## PROVIDED RECORDS
^^^^^^^^^^^^^^^^

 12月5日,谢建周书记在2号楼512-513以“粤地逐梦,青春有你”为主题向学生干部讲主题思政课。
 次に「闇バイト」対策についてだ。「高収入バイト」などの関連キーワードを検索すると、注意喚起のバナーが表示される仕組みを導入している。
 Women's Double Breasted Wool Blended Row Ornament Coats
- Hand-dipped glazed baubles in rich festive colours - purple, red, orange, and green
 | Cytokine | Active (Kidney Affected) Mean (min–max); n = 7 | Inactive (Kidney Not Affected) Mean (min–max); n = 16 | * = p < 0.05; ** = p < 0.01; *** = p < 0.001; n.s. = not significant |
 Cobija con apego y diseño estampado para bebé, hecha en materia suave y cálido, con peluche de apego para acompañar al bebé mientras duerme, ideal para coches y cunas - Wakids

^^^^^^^^^^^^^^^^

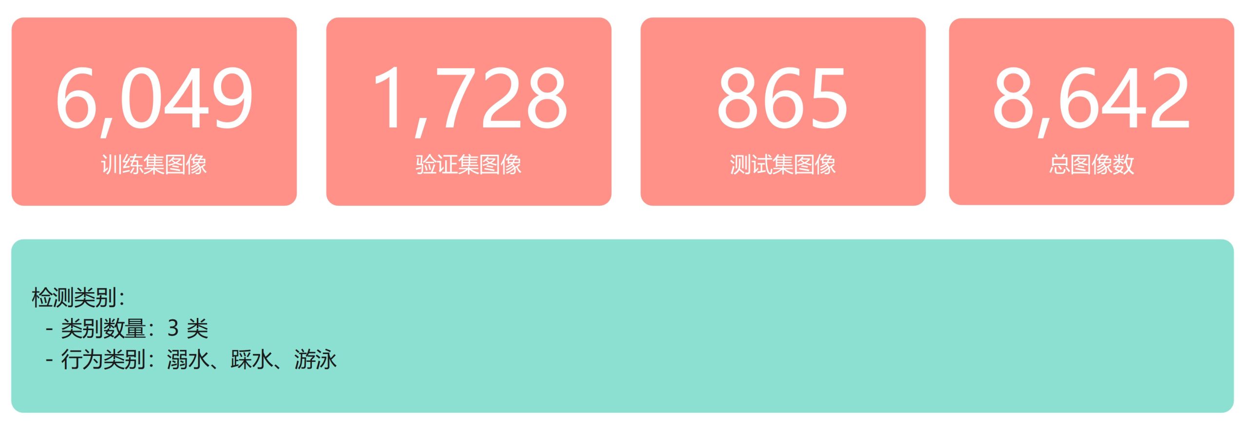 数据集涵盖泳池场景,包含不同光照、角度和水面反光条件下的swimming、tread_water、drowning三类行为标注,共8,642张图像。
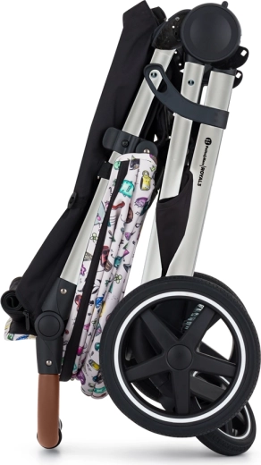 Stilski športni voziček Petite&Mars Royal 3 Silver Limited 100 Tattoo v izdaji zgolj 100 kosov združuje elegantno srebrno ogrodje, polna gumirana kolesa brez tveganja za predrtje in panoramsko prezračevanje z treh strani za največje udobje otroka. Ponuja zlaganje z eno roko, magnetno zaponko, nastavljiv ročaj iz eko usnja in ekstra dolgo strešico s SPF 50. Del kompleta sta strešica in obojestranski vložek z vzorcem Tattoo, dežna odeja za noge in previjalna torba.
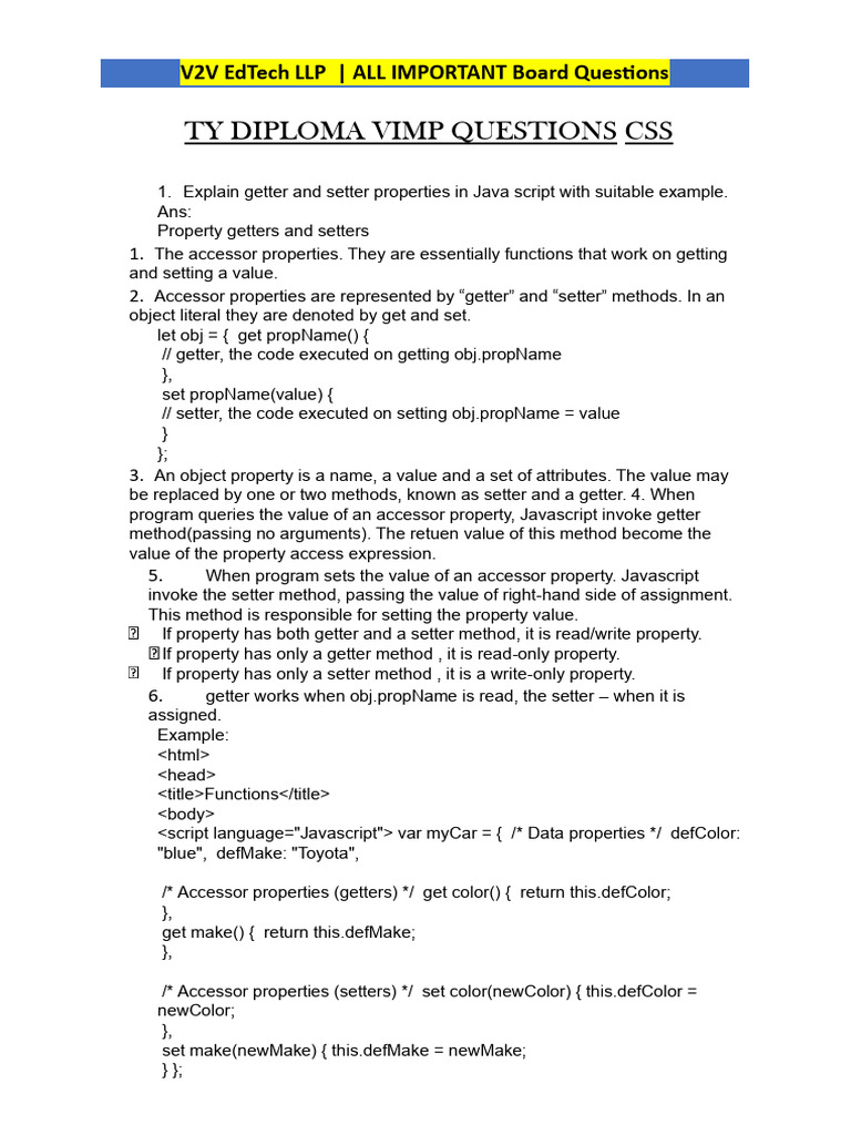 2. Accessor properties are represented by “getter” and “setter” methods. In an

^^^^^^^^^^^^^^^^

## WORK INSTRUCTION
Among the entries above, copy exactly only the lines starting with the one containing "Women's Double Breasted" and going through the one containing "Cobija con apego", both ends included.

## RESPONSE
 Women's Double Breasted Wool Blended Row Ornament Coats
- Hand-dipped glazed baubles in rich festive colours - purple, red, orange, and green
 | Cytokine | Active (Kidney Affected) Mean (min–max); n = 7 | Inactive (Kidney Not Affected) Mean (min–max); n = 16 | * = p < 0.05; ** = p < 0.01; *** = p < 0.001; n.s. = not significant |
 Cobija con apego y diseño estampado para bebé, hecha en materia suave y cálido, con peluche de apego para acompañar al bebé mientras duerme, ideal para coches y cunas - Wakids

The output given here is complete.